His work on Proton-coupled electron transfer as part of general Photochemistry study is frequently connected to Cleavage, therefore bridging the gap between diverse disciplines of science and establishing a new relationship between them. Marc Robert focuses mostly in the field of Inorganic chemistry, narrowing it down to matters related to Turnover number and, in some cases, Imidazole. Within one scientific family, Marc Robert focuses on topics pertaining to Carbon dioxide under Carbon monoxide, and may sometimes address concerns connected to Anode and Hydrogen.
The scientist’s investigation covers issues in Catalysis, Electrochemistry, Photochemistry, Electron transfer and Inorganic chemistry. His Catalysis study combines topics in areas such as Cobalt and Porphyrin.

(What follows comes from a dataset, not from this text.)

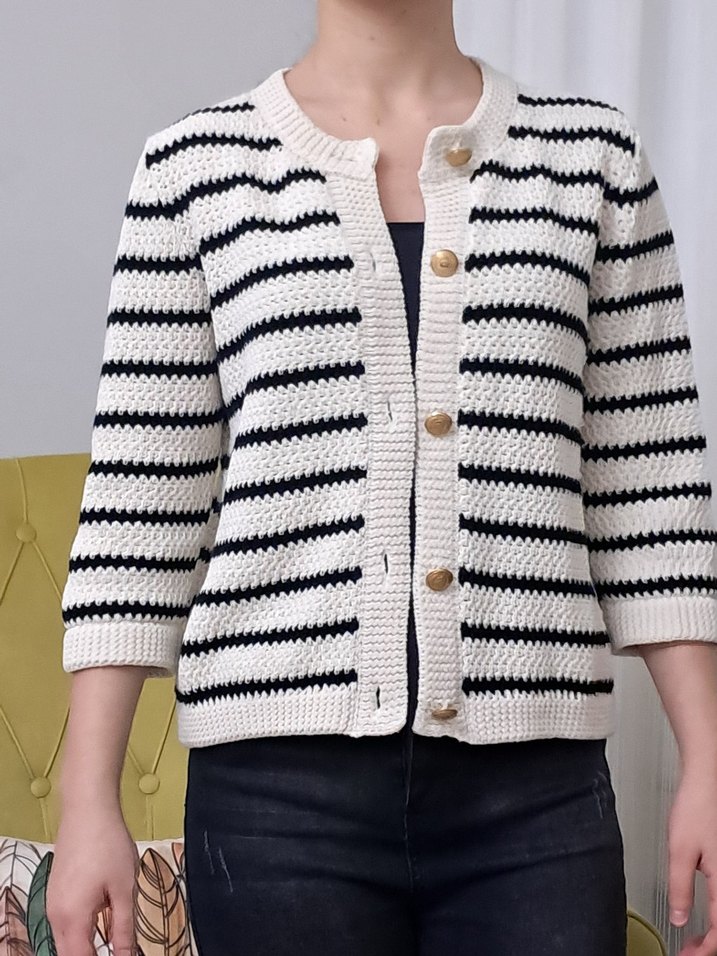 Düğmeli, yuvarlak yakalı, yarım kollu, krem siyah çizgili zara örme hırka. l beden ama 1.62 boy 50 kg bende iyi duruyor
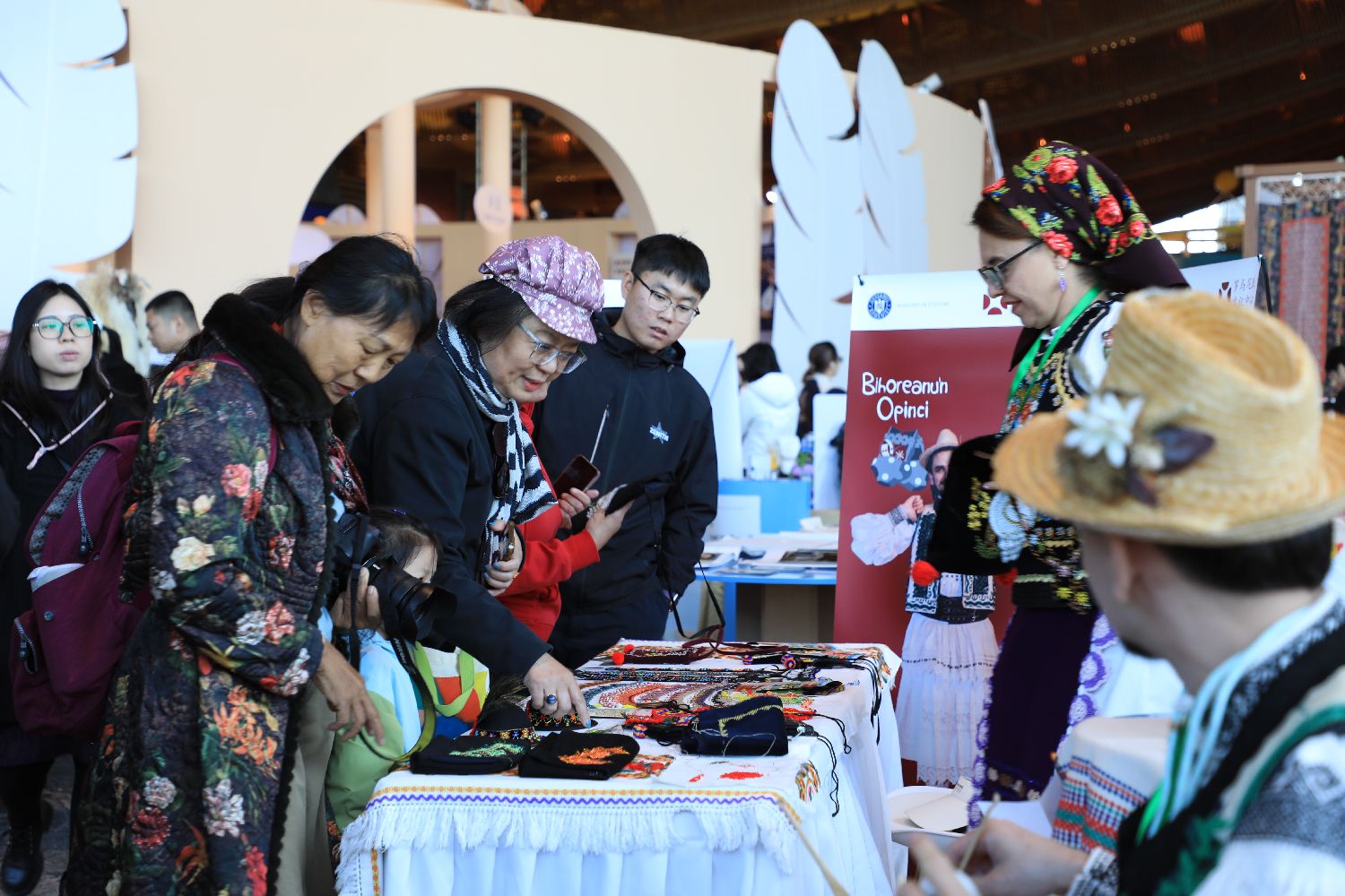 2025年10月19日,在罗马尼亚展台,参观者欣赏被联合国教科文组织列入非物质文化遗产名录的罗马尼亚传统衬衫。

His work in the fields of Cyclic voltammetry overlaps with other areas such as Reduction.
His research in Photochemistry intersects with topics in Metal and Selective catalytic reduction. His Electron transfer study integrates concerns from other disciplines, such as Reaction rate constant, Computational chemistry, Bond cleavage and Concerted reaction. His research integrates issues of Electrolysis and Homogeneous catalysis in his study of Inorganic chemistry.

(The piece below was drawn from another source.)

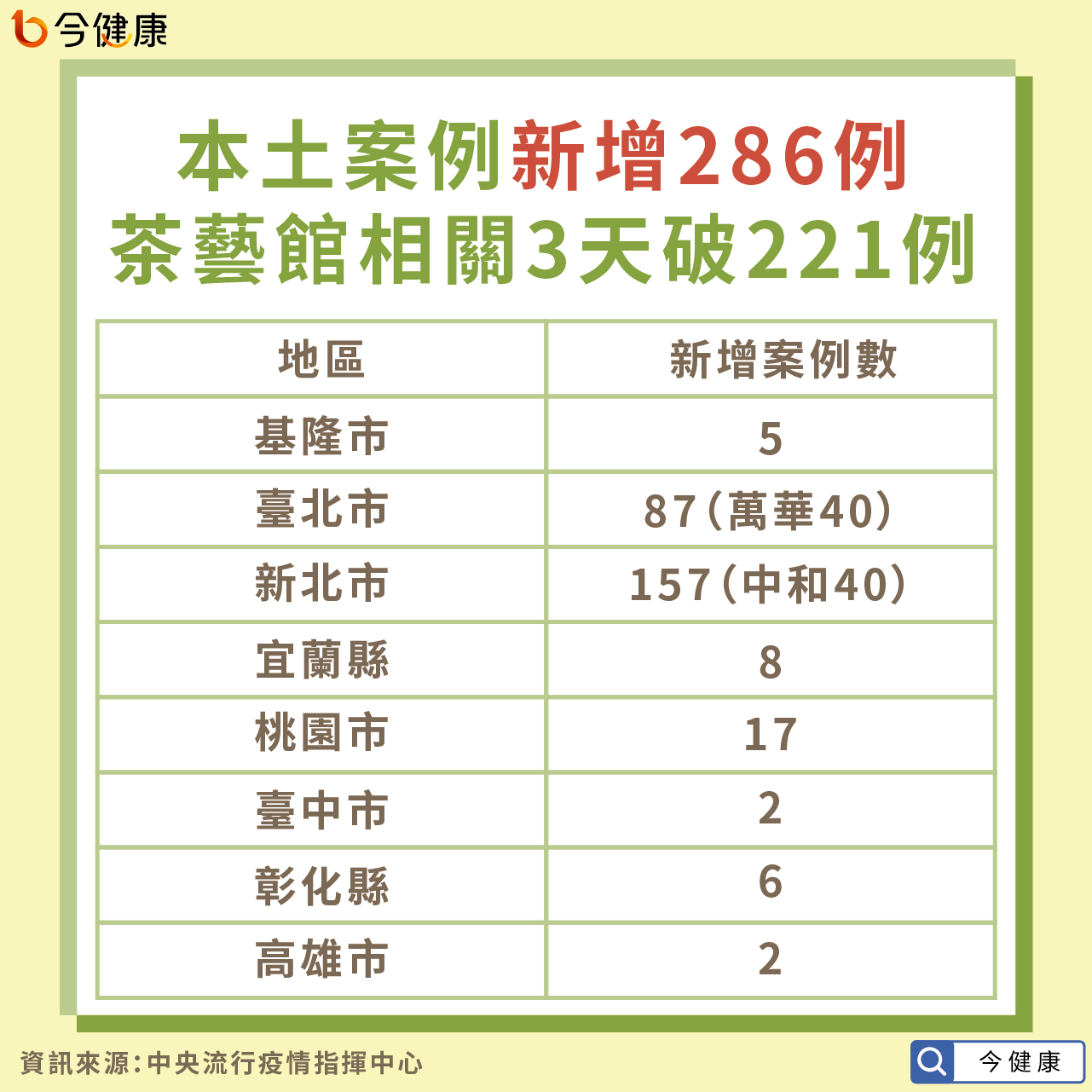 新冠肺炎本土個案已連續6天超過百例,中央流行疫情指揮中心指出,今(20)日本土COVID-19確診個案增加286人,其中,新北市157例以中和區40例最多,臺北市87例以萬華區40例最多。桃園市17例、宜蘭縣8例,彰化縣6例,基隆市5例,高雄市及臺中市各2例。

His main research concerns Catalysis, Electrochemistry, Electrochemical reduction of carbon dioxide, Selectivity and Reduction. He is interested in Carbon monoxide, which is a branch of Catalysis. His Electrochemistry research includes themes of Inorganic chemistry, Nanoparticle, Nanotechnology and Reactivity.

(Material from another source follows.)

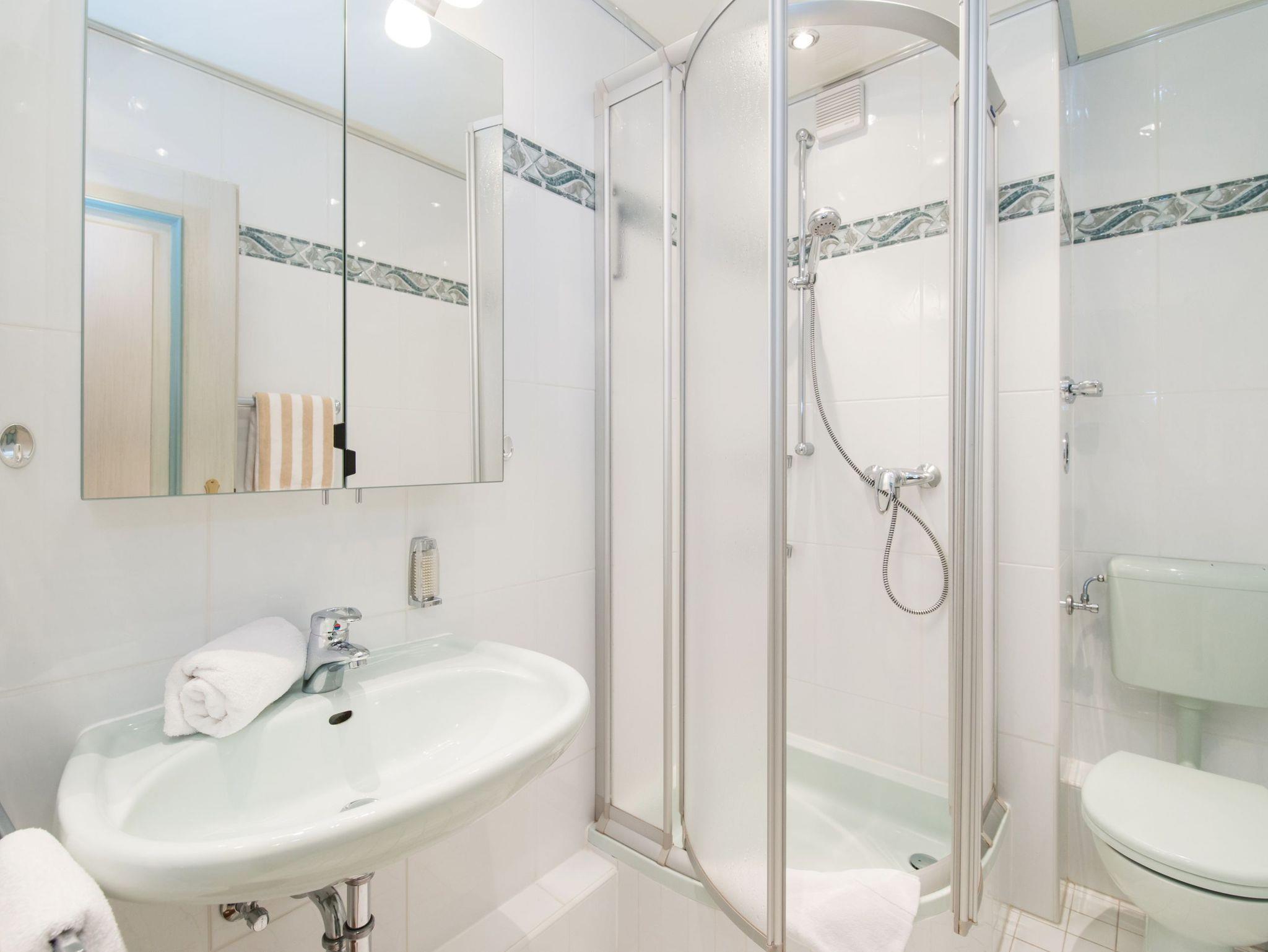 Im Bad befinden sich eine Dusche, ein WC und ein Waschtisch.

His Electrochemical reduction of carbon dioxide study deals with Carbon dioxide intersecting with Electrolyte, Cyclic voltammetry, Lewis acids and bases, Alkali metal and Electrolysis. His studies in Selectivity integrate themes in fields like Photochemistry, Noble metal, Overpotential and Selective catalytic reduction. His Photochemistry research incorporates themes from Artificial photosynthesis and Water splitting.
His primary areas of investigation include Catalysis, Electrochemistry, Electrochemical reduction of carbon dioxide, Reduction and Selectivity. His studies deal with areas such as Inorganic chemistry, Ligand and Electrolysis as well as Catalysis. His study in Ligand is interdisciplinary in nature, drawing from both Combinatorial chemistry, Photochemistry, Light driven and Reactivity.
His Electrolysis research includes elements of Carbon dioxide, Metal and Absorption spectroscopy. He combines topics linked to Acetonitrile with his work on Electrochemistry. The concepts of his Selectivity study are interwoven with issues in Noble metal, Formate, Selective catalytic reduction, Cobalt and Carbon monoxide.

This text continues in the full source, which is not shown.